With the entire Spa-Francorchamps circuit to play with, Drew wanted to shoot in a recognisable and engaging location. "The photo was taken at a part of the circuit known as Eau Rouge," he says. "It's one of the most iconic sections of track in the world, which made it an obvious choice for the photo's location."
Spa-Francorchamps is well known for its extremely changeable weather, so Drew was relieved to see clear skies. "Shooting in April was great, as the sun doesn't get that high in the sky and it sets fairly early in the day," he continues. "We shot late in the afternoon, at around 5pm, but the sun was still low enough to give contrasting shadows and strong colours.
"I was lucky that the sun was pretty much in the perfect position, just to the right of the car – it wasn't casting shadows of the camera or shining straight down the lens. I'd love to say this was planned but it was more luck dictated by the time slot."
Drew's main challenge was to get the photo within the time allocated. Trying to find a suitable time slot meant working around the cars as they were being prepared for practice and qualifying sessions, as well as the race itself.
"Race weekends are so busy and additional activities such as photography eat into the team's schedule," says Drew. "The race organisers gave us just half an hour to get the cars on the track, shoot them, and get them back to the pits. I had a plan, and I was as prepared as I could be."
Taking into account moving the vehicles, this gave Drew just 20 minutes of shooting time – with no margin for error. Selecting the right equipment for the job – kit he knew he could rely on – Drew chose a Canon EOS 5D Mark III with an ultra wide-angle Canon EF 17-40mm f/4L USM zoom lens.
"I normally take my racing shots on the Canon EOS-1D X Mark II (now succeeded by the Canon EOS-1D X Mark III) but this is a bit heavy to mount onto cars, so I used the Canon EOS 5D Mark III which is much lighter and creates a beautiful image," says Drew. "I prefer to shoot with prime lenses, but a 14mm is too wide for this sort of picture and a 24mm isn't wide enough. The Canon EF 17-40mm f/4L USM lens gives me more flexibility and also means I only need one filter size to span the focal length range."
We removed the right-hand door on the lead car and one hardy mechanic ducked down and pushed the car on his own.
When it came to setting up his camera on the GT car itself, Drew used a suction mount rather than a boom arm on the roof of the car.

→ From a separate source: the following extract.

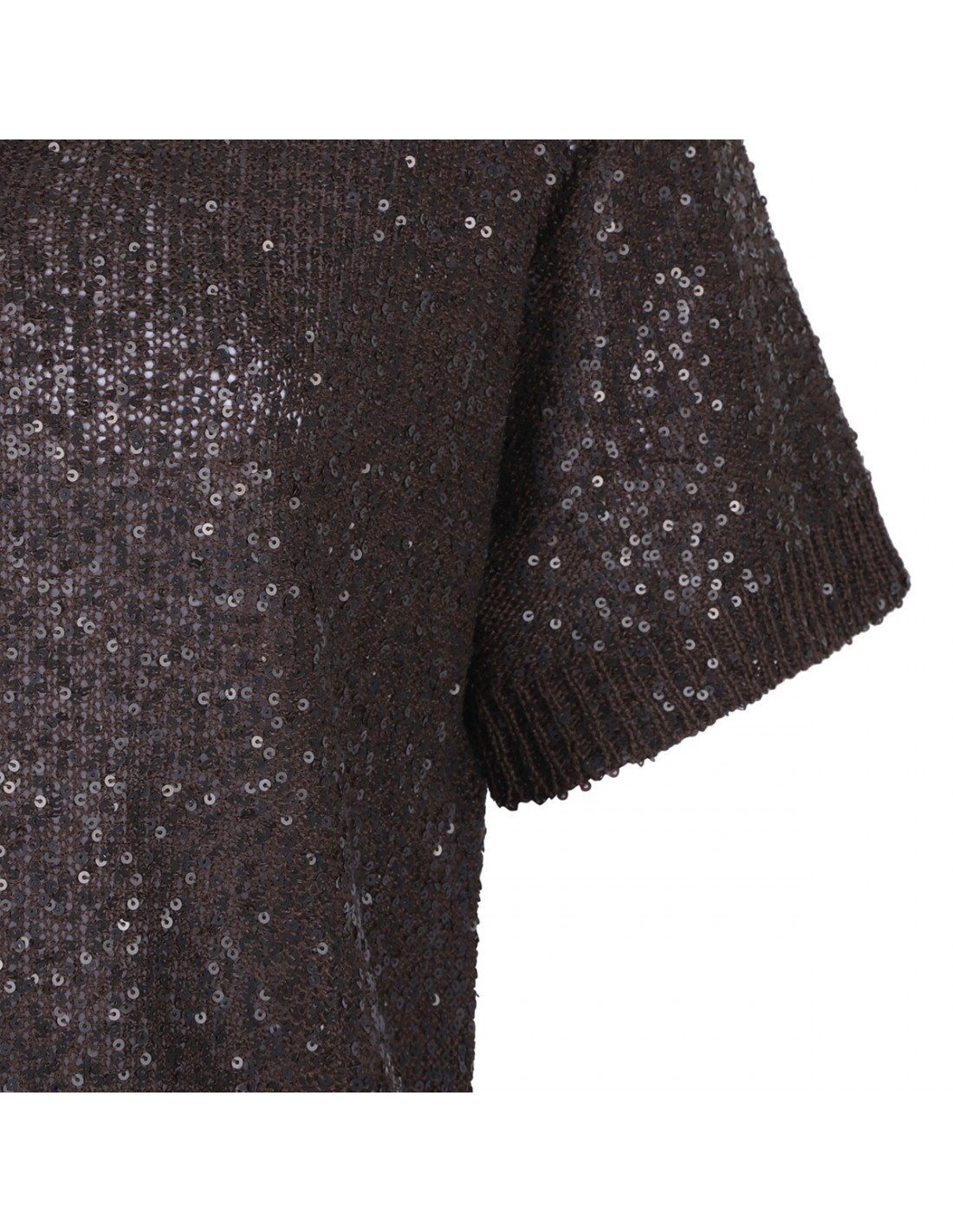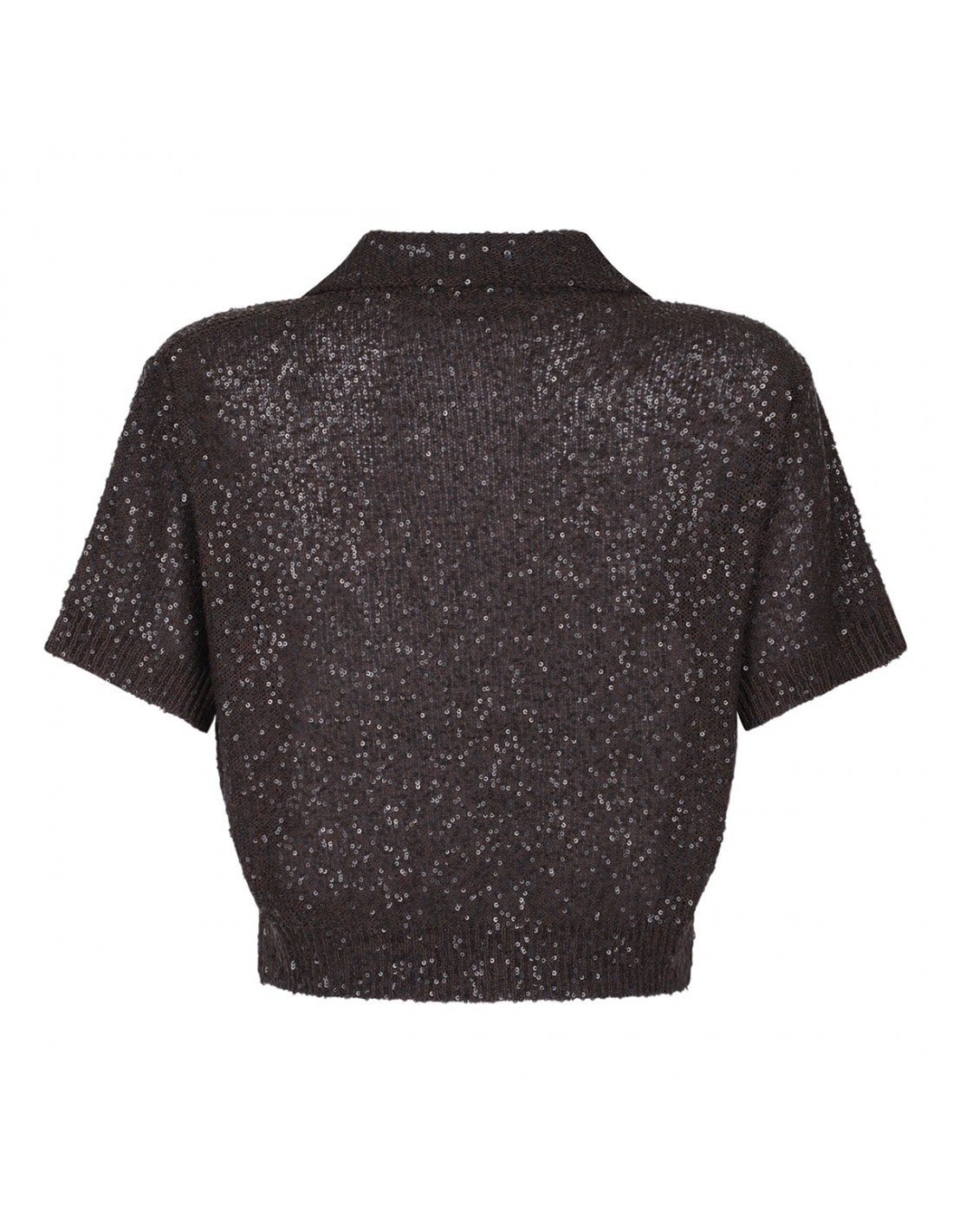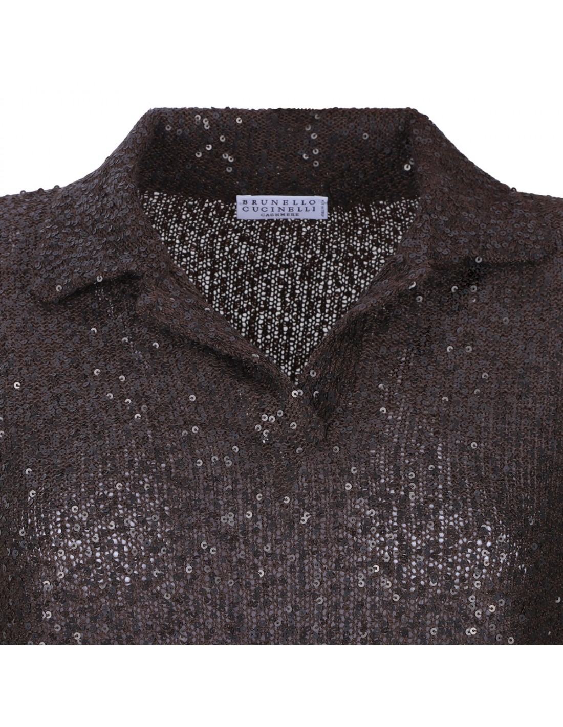 Chocolate hue knit linen, cashmere and silk polo shirt from Brunello Cucinelli featuring sparkling sequins embroidery, short sleeves, polo collar with V-neck, ribbed knit edges.

Many photographers use a boom arm, but it's not Drew's preferred way of working because of the amount of editing required to remove it in post-production.
He had originally planned to mount the Canon EOS 5D Mark III onto the rear wing of the racing car, but had to change his plans at the last minute. "It wouldn't suction onto the rear wing as I'd hoped," he says. "I had to think on my feet and mount the camera further forward, which is why the rear wing is not in the frame. This isn't how I'd planned it, but I think it really helped with the composition. The wide-angle lens distorts the sleek body of the GT rather than the big square wing."
Drew's next issue was getting the cars to move, as – incredibly, given the photographic result – they weren't allowed to start the engines ahead of the race. "My plan was to roll the cars down the straight at the start line, and then fire the camera as they headed up the other side and through Eau Rouge," he says. "However, the area of track where the composition was at its best turned out to be pretty much flat and the cars wouldn't roll on their own."
Drew recruited the mechanics team to lend some muscle and push the cars along the track. "The car with the camera mount was easy, as a few mechanics could stand to the right of the camera out of frame. However, the lead car was a problem as I couldn't have anyone pushing from behind as they would be seen in shot.
"To get around the problem, we removed the right-hand door on the lead car and one hardy mechanic ducked down and pushed the car on his own! We got just enough movement so the cars could shift a few metres and I could fire the frame."
A long exposure was required to blur the slowly passing circuit while keeping the cars sharp and clear, but as it was a bright, sunny day, Drew had to use filtration. "I used a four-stop neutral-density (ND) filter to allow me to achieve a very long shutter speed of 15 seconds," he says. "While the shutter was open, we pushed the cars and the blur created a sense of speed. I used a cable release to fire the camera, so I didn't have to touch it and risk camera shake."